ConceptBed: Evaluating Concept Learning Abilities of Text-to-Image Diffusion Models

Authors: Maitreya Patel, Tejas Gokhale, Chitta Baral, Yezhou Yang

AAAI 2024 | Conference PDF | Archive PDF | Plain Text | LLM Run Details

Reproducibility Variable Result LLM Response
Research Type Experimental To quantify the ability of T2I models in learning and synthesizing novel visual concepts (a.k.a. personalized T2I), we introduce CONCEPTBED, a large-scale dataset that consists of 284 unique visual concepts, and 33K composite text prompts. Along with the dataset, we propose an evaluation metric, Concept Confidence Deviation (CCD), that uses the confidence of oracle concept classifiers to measure the alignment between concepts generated by T2I generators and concepts contained in target images.
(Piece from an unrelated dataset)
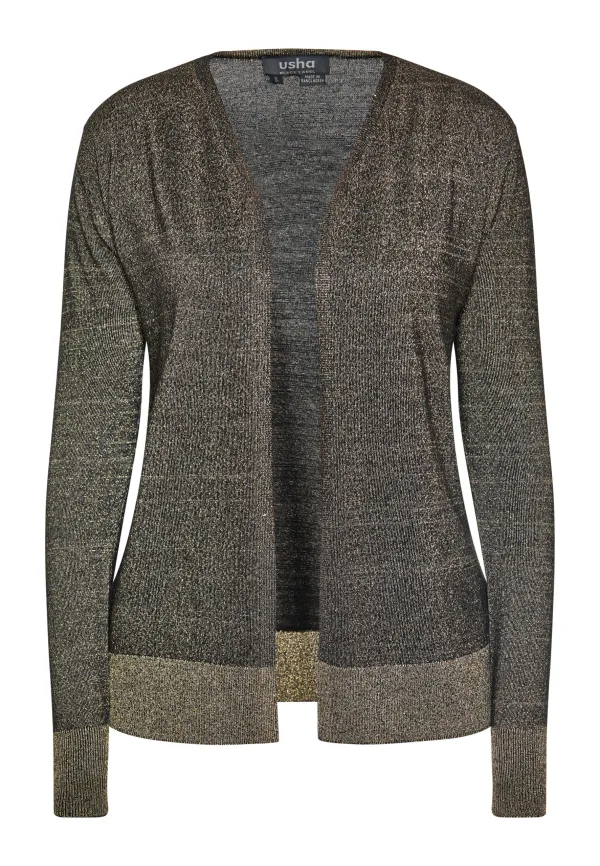 Geef je stijl een boost met dit open metallic vest, een prachtig gebreid exemplaar met een chique V-halslijn. De lange mouwen en geribde manchetten zorgen voor comfort, terwijl het relaxte silhouet elegant over je figuur valt. Dit korte vest is perfect voor mild tot koel weer en is een moeiteloze aanvulling op elke garderobe. Vest

We evaluate visual concepts that are either objects, attributes, or styles, and also evaluate four dimensions of compositionality: counting, attributes, relations, and actions. Our human study shows that CCD is highly correlated with human understanding of concepts.
Researcher Affiliation Academia 1 Arizona State University 2 University of Maryland Baltimore County
Pseudocode Yes Algorithm 1: Concept Confidence Deviation
Open Source Code Yes The data, code, and interactive demo is available at: https://conceptbed.github.io/
Open Datasets Yes CONCEPTBED incorporates existing datasets such as Image Net (Deng et al. 2009), PACS (Li et al. 2017), CUB (Wah et al. 2011), and Visual Genome (Krishna et al. 2017), enabling the creation of a labeled dataset.
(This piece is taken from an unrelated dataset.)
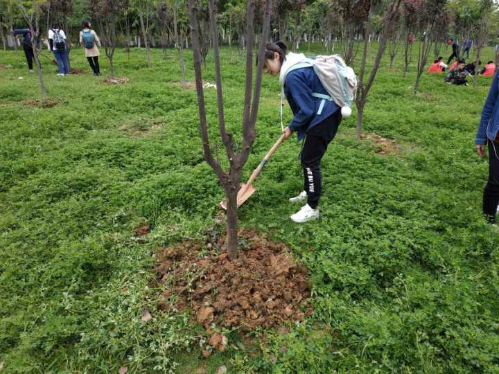 此次活动的互动环节形式多样,加深了同学们对植树活动的热情。早上9点,主办方向参与者们讲解了树木认养的主要流程,并赠送了具有纪念意义的书签,随后就让参与者们为自己的小树挂牌。活动中,公园工作人员还向志愿者们科普了一些常见植物,如红叶李和早樱,拓宽了大家的眼界。10点左右,工作人员开始为大家讲解并演示如何为树木松土,“首先在树的周围铲出一个圆圈再进行松土,铲出圆圈的主要目的是保护树根;值得注意的是最后要在靠近树根的地方铲下一个小槽用来收集水以供小树生长。”在讲解员的解说过程中,同学们都听得十分认真。沙湖上种植的每一棵小树,都代表着每一位植树人的辛勤劳作。最后,在所有参与者的合影留念中,此次树木认养活动圆满结束。另外,在活动后每位参与者还获得了主办方颁发的义务植树尽责证书。
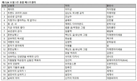 [스타인뉴스 김학철 기자] 예스24 11월 1주 종합 베스트셀러에서는 인공지능에게 대체되지 않는 방법론을 일러주는 이지성 작가의 <에이트>와 김난도 서울대 교수가 이끄는 서울대 생활과학연구소 소비트렌드분석센터가 2020년의 기술과 시장 핵심 트렌드를 분석한 <트렌드 코리아 2020>가 전주 대비 한 계단씩 올라 각각 1위, 2위에 새롭게 등극했다. 조남주 작가의 소설 <82년생 김지영>이 동명의 영화 개봉 일주일 만에 직전 동기간 대비 판매량이 99% 증가하며 지난주 1위에 등극한 이후 두 계단 하락해 3위에 머물렀고 무기력해진 마음에 다시 시작하고 싶은 의욕과 용기를 불러일으켜 주는 글배우 작가의 <지쳤거나 좋아하는 게 없거나>는 전주와 동일한 4위다.

Dataset Splits No The paper states it trains oracles on "CONCEPTBED training dataset, Dtrain CONCEPTBED" and calculates CCD using "test ground truth images", but it does not specify explicit percentages or sample counts for train/validation/test splits, nor does it detail a split methodology for reproducibility.
Hardware Specification No The paper does not specify any hardware details (e.g., GPU models, CPU types, memory) used for running its experiments.
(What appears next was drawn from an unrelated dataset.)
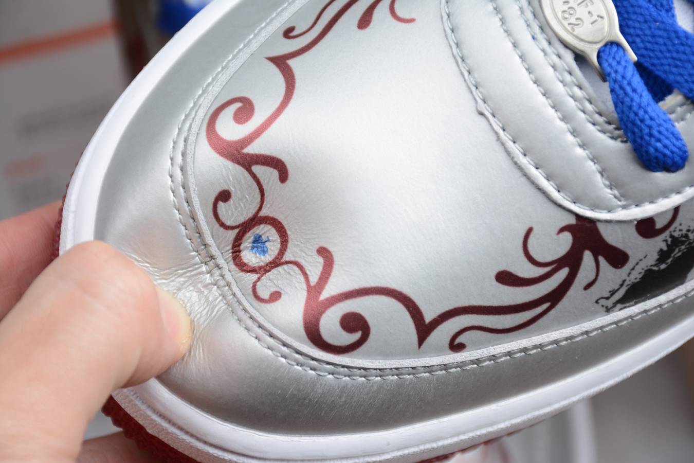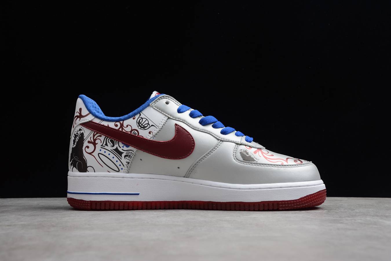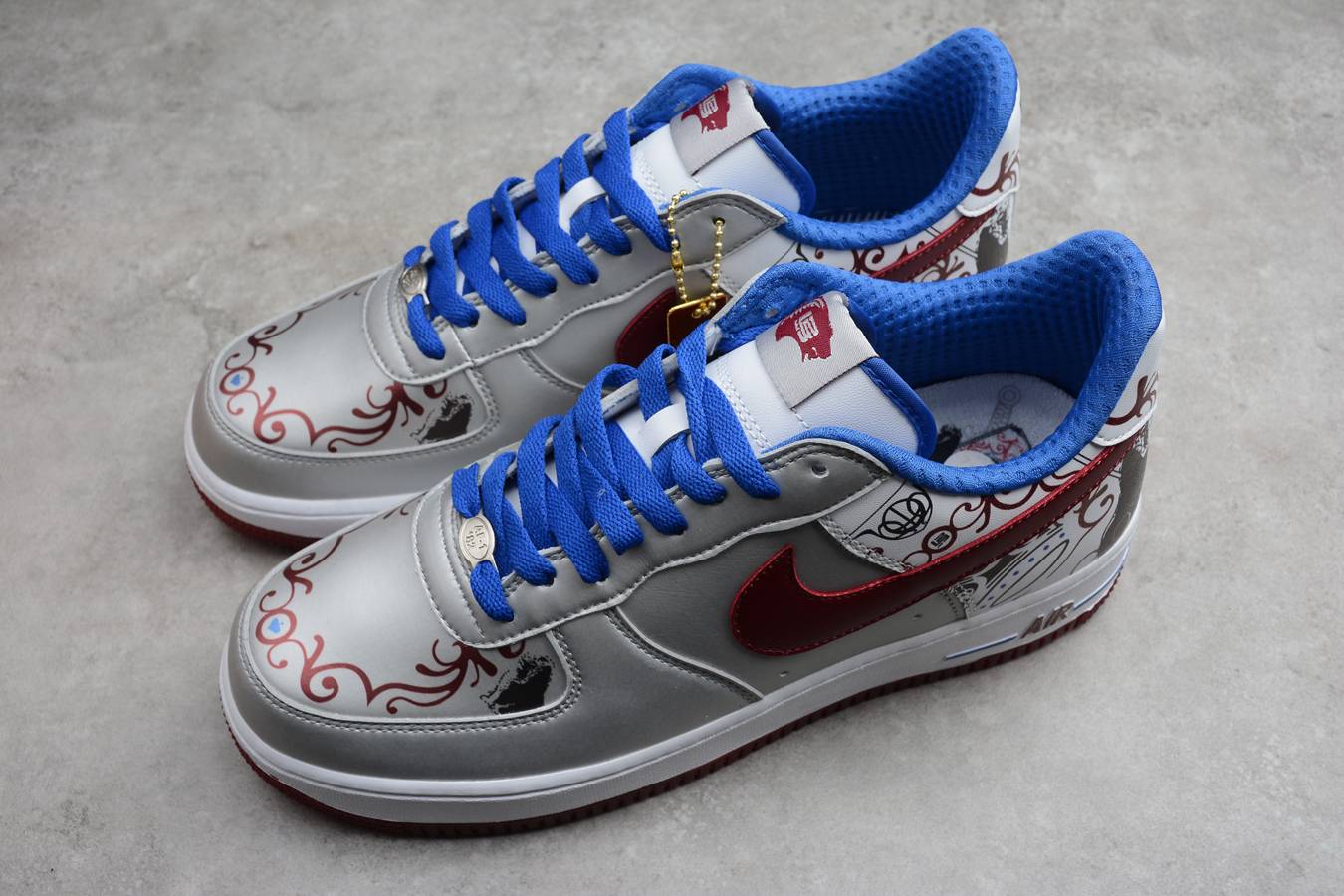 Низкая версия первых Форсов, оформленных в честь Леброна Джеймса. Металлический цвет основы, синие шнурки и внутренняя ткань, а низ подошвы и Свуш - бордового цвета.- Цвета: Metallic Silver/Team Red-Varsite Royal-White

Software Dependencies No The paper mentions models and frameworks used (e.g., ResNet18, ConvNeXt, ViLT, CLIP) but does not provide specific version numbers for these or other software dependencies.
Experiment Setup No The paper describes the scale of experiments (e.g., N=100 images, N=3 images for composite prompts, 1100+ models, 500,000 images generated) but does not provide specific experimental setup details such as hyperparameters (learning rate, batch size, number of epochs, optimizer settings) or training configurations for the concept learning models or oracles.